Se questo è l’orizzonte cui dobbiamo costantemente rivolgere lo sguardo occorre che le nostre azioni, anche nel tempo limitato di uno o due cicli amministrativi si sviluppino tenendo conto di quella prospettiva.
Va da sè che le scelte urbanistiche, sociali, industriali, imprenditoriali devono trovare ispirazione da un contesto locale e “regionale” che metta a sistema, in una logica di mutualità, le diverse risorse ed eccellenze che l‘ampio territorio esprime. Questo può avvenire in tutti i settori; dall’industria alla finanza, dalla medicina alla ricerca, dai sistemi formativi di base alle Università, dalla logistica al consumo, dal sistema della mobilità interna all’energia, dalle utility ai servizi di carattere generale.
Abbiamo la fortuna di vivere in un territorio tra i più sviluppati d’Europa, con le migliori università, il migliore sistema sanitario con centri di ricerca eccellenti, industrie avanzate e con un sistema infrastrutturale sviluppato (salvo per la Liguria) e con un paesaggio e una natura, e nel caso di Genova, un clima invidiabile.
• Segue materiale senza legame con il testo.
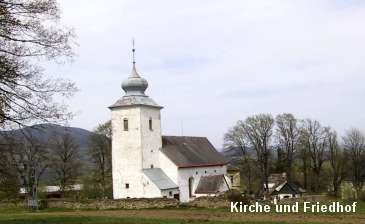 Der Weg führte uns weiter die Kirchgasse hinauf zum Friedhof, auf dem mein Vater Anfang September 1938 beerdigt wurde und wir suchten sein Grab. Der Grabstein war nicht mehr vorhanden, kleine Reste des Marmorsteins, an den ich mich noch erinnere, habe ich aber gefunden, so dass ich sicher war, das Grab gefunden zu haben. Es sind nur noch wenige Gräber der früheren deutschen Bewohner Grumbergs erhalten. In der Nähe des Eingangs zum Friedhof sind neue Gräber der jetzigen tschechischen Einwohner angelegt, aber es sind noch nicht sehr viele. Die Friedhofsmauer ist an mehreren Stellen eingestürzt. Die Kirche war verschlossen, nicht nur durch die alte Holztür, sondern auch durch eine abgeschlossene zusätzliche Eisen-Gittertür. Man hat den Eindruck, dass die Kirche nicht genutzt wird. Wir dachten, wir könnten im Pfarrhaus den Schlüssel zur Kirche erhalten, aber dort war niemand aufzutreiben. Das frühere Pfarrgebäude wird als Gemeindeverwaltung benutzt, wie man aus Anschlägen an der Tür ersehen konnte. Das gegenüber der Kirche noch bestehende alte Schulgebäude existiert noch, macht aber einen verfallenen Eindruck und wird sicher nicht als Schule genutzt.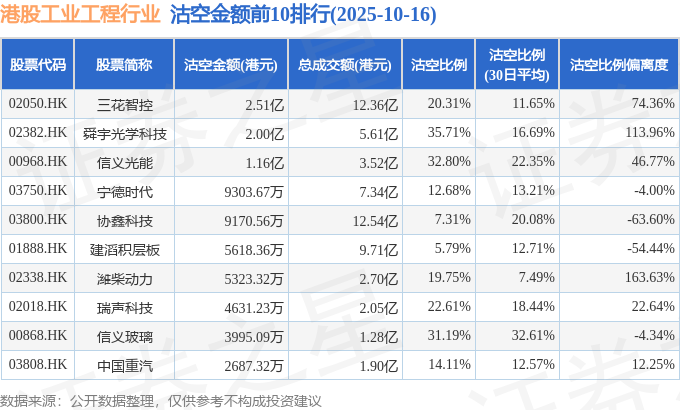 从沽空金额来看,三花智控、舜宇光学科技、信义光能沽空金额位居行业前三,分别为2.51亿港元、2亿港元、1.16亿港元。

La nuova geografia che verrà a determinarsi per effetto della riduzione dei tempi di collegamento tra i tre capoluoghi fino a costituirne uno unico, non deve intimorirci ma, anzi, va colta come opportunità di crescita che deve essere, però, necessariamente accompagnata da azioni mirate a livello di comunità locali ove le risorse generali vengono usufruite da ognuno secondo un modello organizzativo basato sul principio di prossimità. In questo scenario che deve collocarsi il concetto di superamento della periferia.
SERVE RESPONSABILITA’ E SENSO CIVICO
Già da ora, ma nei prossimi anni ancora di più, i cittadini sono chiamati a rispondere con alto senso di responsabilità civile e partecipazione alle tante sfide che gli avvenimenti susseguiti negli ultimi anni, pongono al mondo intero e alle piccole parti di cui esso si compone.
Alcuni fatti, inaspettati e imprevedibili hanno caratterizzato gli ultimi due anni imponendo un ‘accelerazione alla transizione ecologica già resasi indispensabile a causa dello stress ambientale determinato da uno sviluppo insostenibile per l’intero pianeta.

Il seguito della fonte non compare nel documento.